Mit der Jagd auf wilde Wachteln auf dem Balkan werben gleich mehrerer Aussteller, darunter die deutschen Firmen „K&K Premium Jagdreisen“ (Stand 7.D48) sowie „Merle Jagdreisen“ (Stand 7.C04). Das letztgenannte Unternehmen verlangt 1.150 Euro für ein viertägiges „Jagdarrangement Wachteljagd“ in Rumänien und wirbt damit, dass Jäger mit dem Abschuss von 40 wilden Wachteln pro Tag und Jäger rechnen können. Für Jäger, die in Island seltene Meeresvögel töten möchten, hat die niedersächsische Firma „Malepartus Jagdreisen“ (Stand 7.F70) das passende Angebot im Programm. Für pauschal 1.040 Euro kann man – bei eigener Anreise – zwei Tage lang vom Boot aus auf Papageientaucher, Eissturmvögel und Lummen schießen. Ebenfalls angeboten wir die Jagd auf Bekassinen in Irland und Schottland, die zum Beispiel in den Katalogen der Firmen „Blaser Safaris“ (Stand 7.E02) oder „Diana Hunting Tours“ beworben werden.
Turteltauben, Wachteln und Bekassinen haben in den letzten Jahren in weiten Teilen der EU stark abgenommen und werden in Deutschland und seinen Nachbarländern mit großem Aufwand geschützt, so das Komitee. „Der Abschuss gefährdeter Zugvögel macht aufwendige Schutzprojekte in den Brutgebieten zunichte, beschleunigt den Rückgang dieser Arten und kann niemals nachhaltig sein“, so Komitee-Geschäftsführer Alexander Heyd.

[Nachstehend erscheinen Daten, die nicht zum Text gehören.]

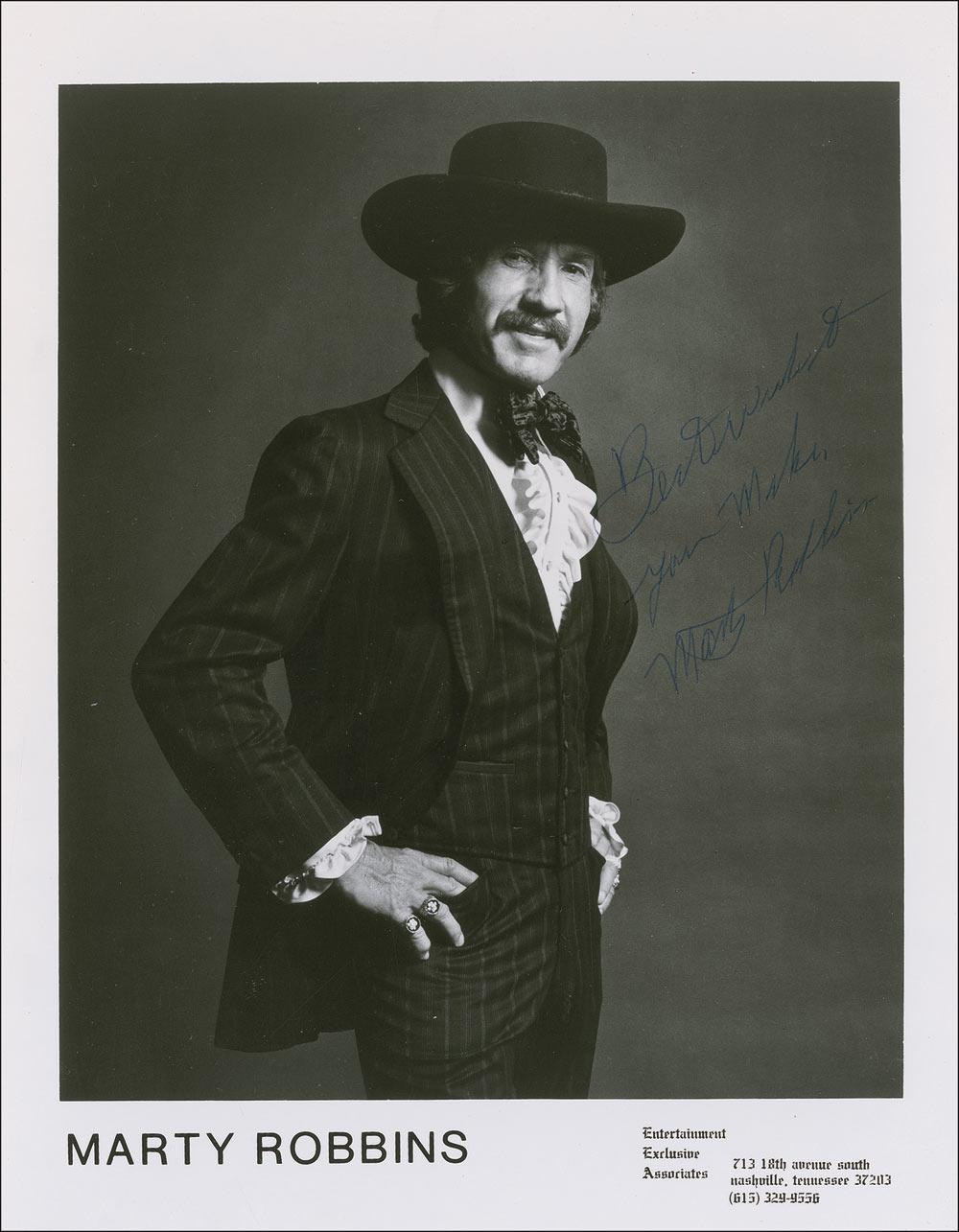 Glossy 8 x 10 publicity photo, signed and inscribed in blue ballpoint “Best wishes to you Mike, Marty Robbins.” In fine condition, with scattered creases and surface marks, a few spots to emulsion, and surface impressions from collector’s notations on reverse.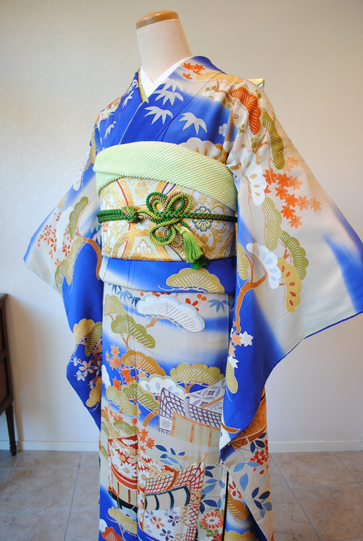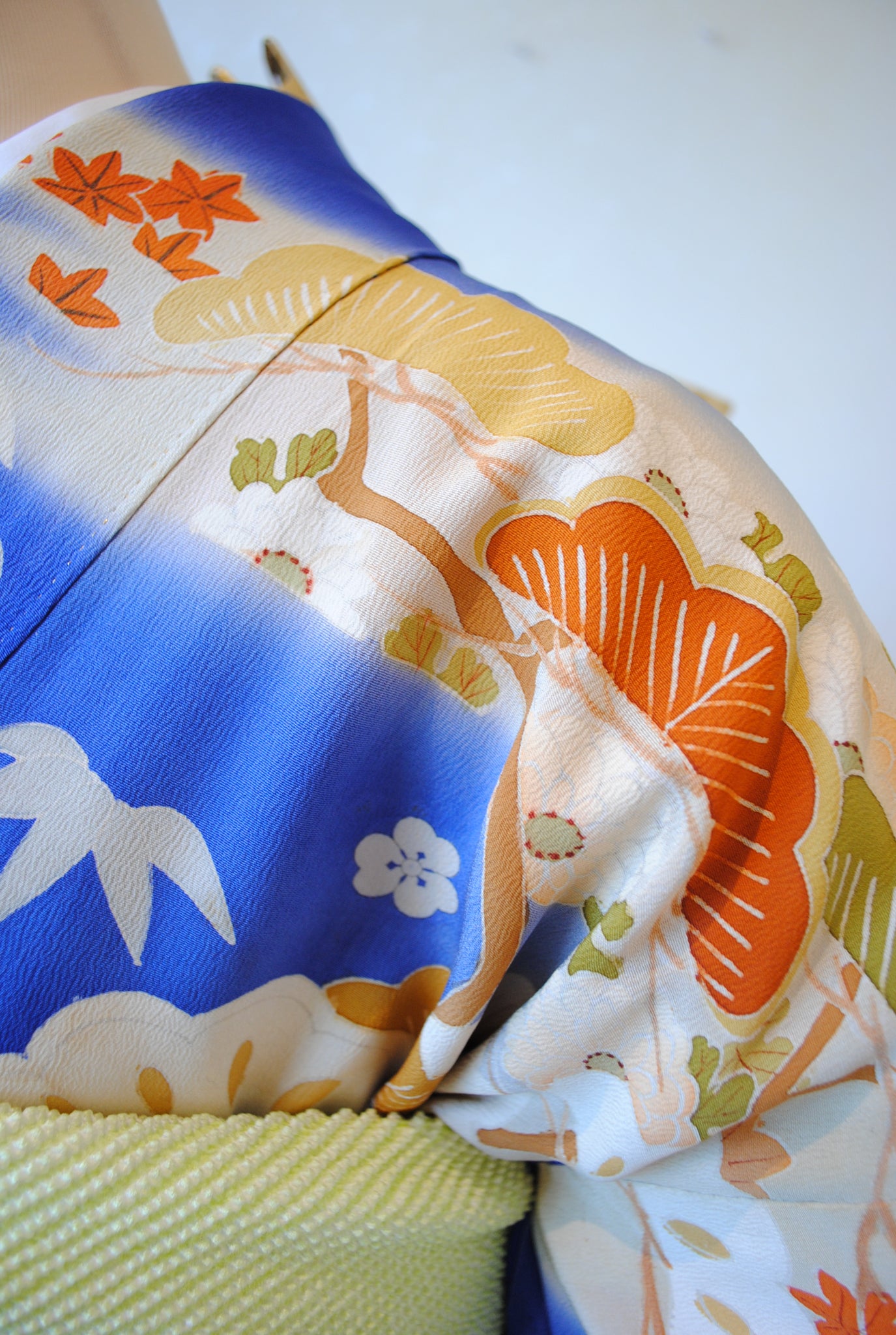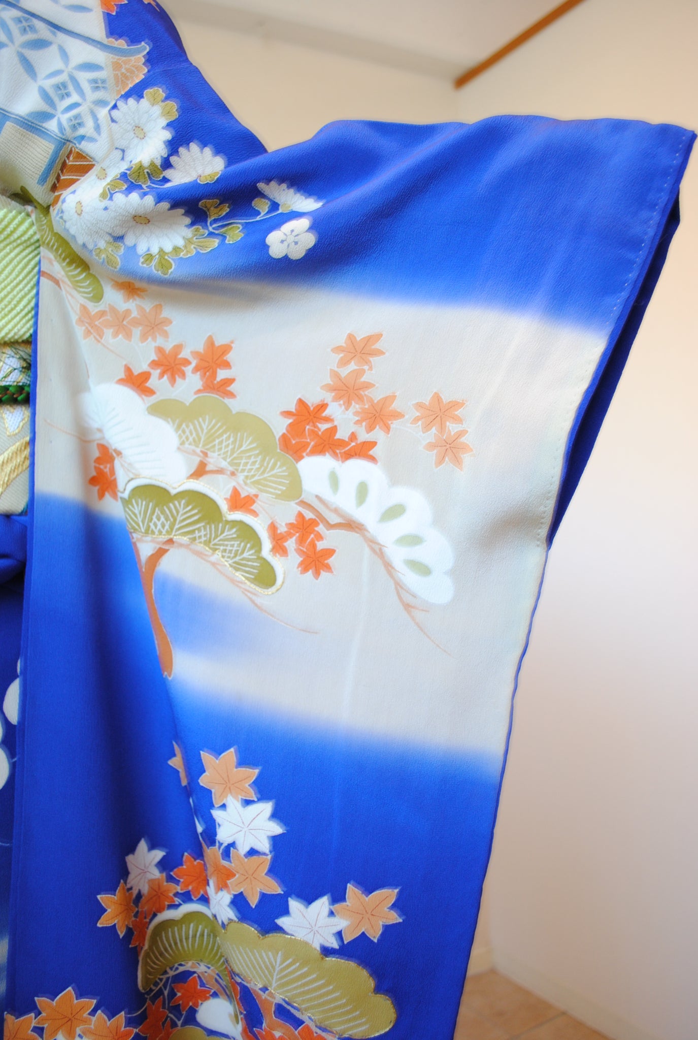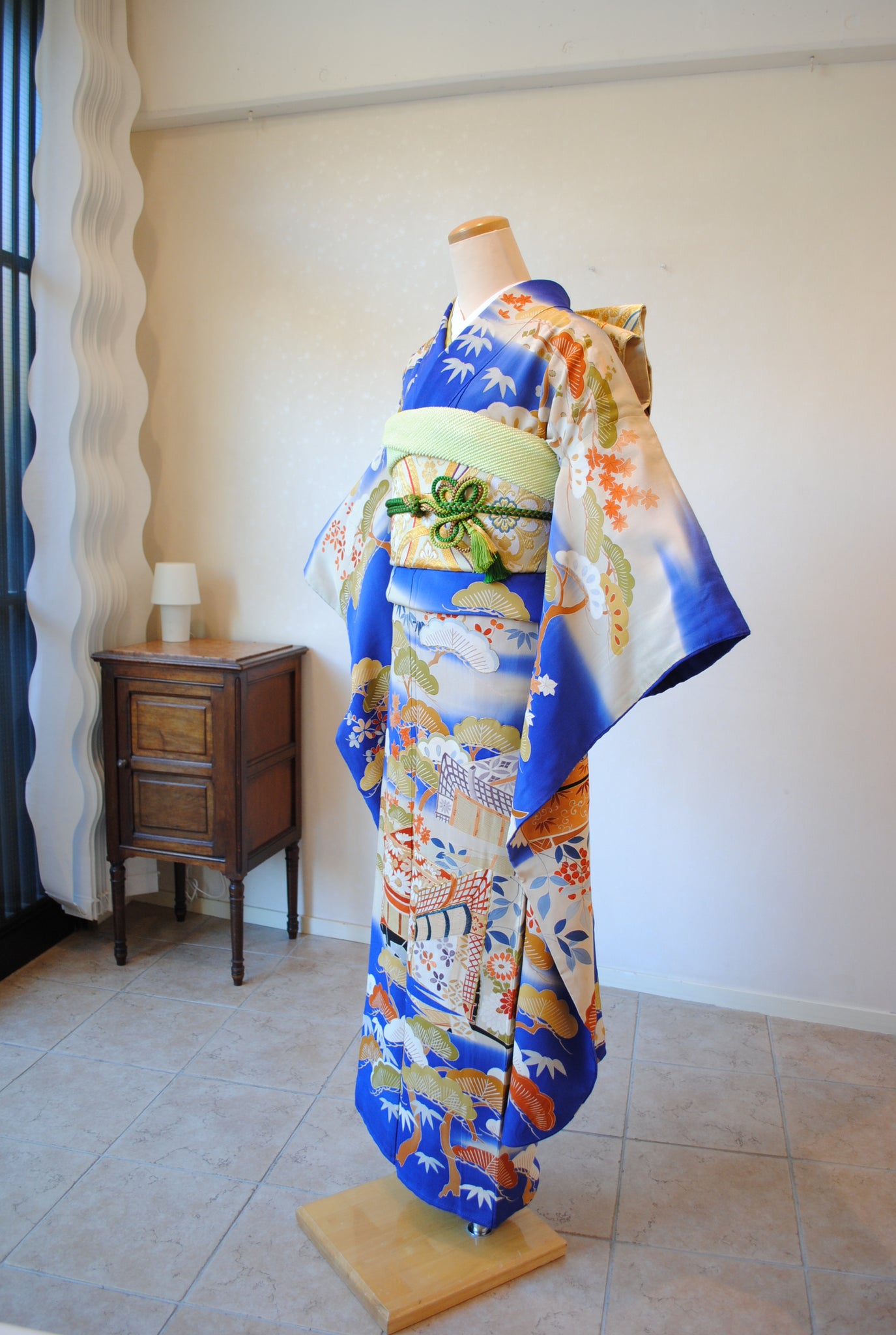 美しい青地に溶け込むぼかしが印象的なアンティーク振袖です。

Das Komitee hat der Messe Dortmund GmbH deshalb heute schriftlich empfohlen, sich von den betroffenen Ausstellern auf der Messe „Jagd und Hund“ zu trennen. Auch der Landesjagdverband NRW (Standnummer 6.B30), der offiziell als „Ideeller Träger“ der Messe fungiert, wurde aufgefordert, sich eindeutig von der Jagd auf gefährdete Zugvögel zu distanzieren und die Forderung nach Ausschluss der acht Aussteller von der Messe zu unterstützen.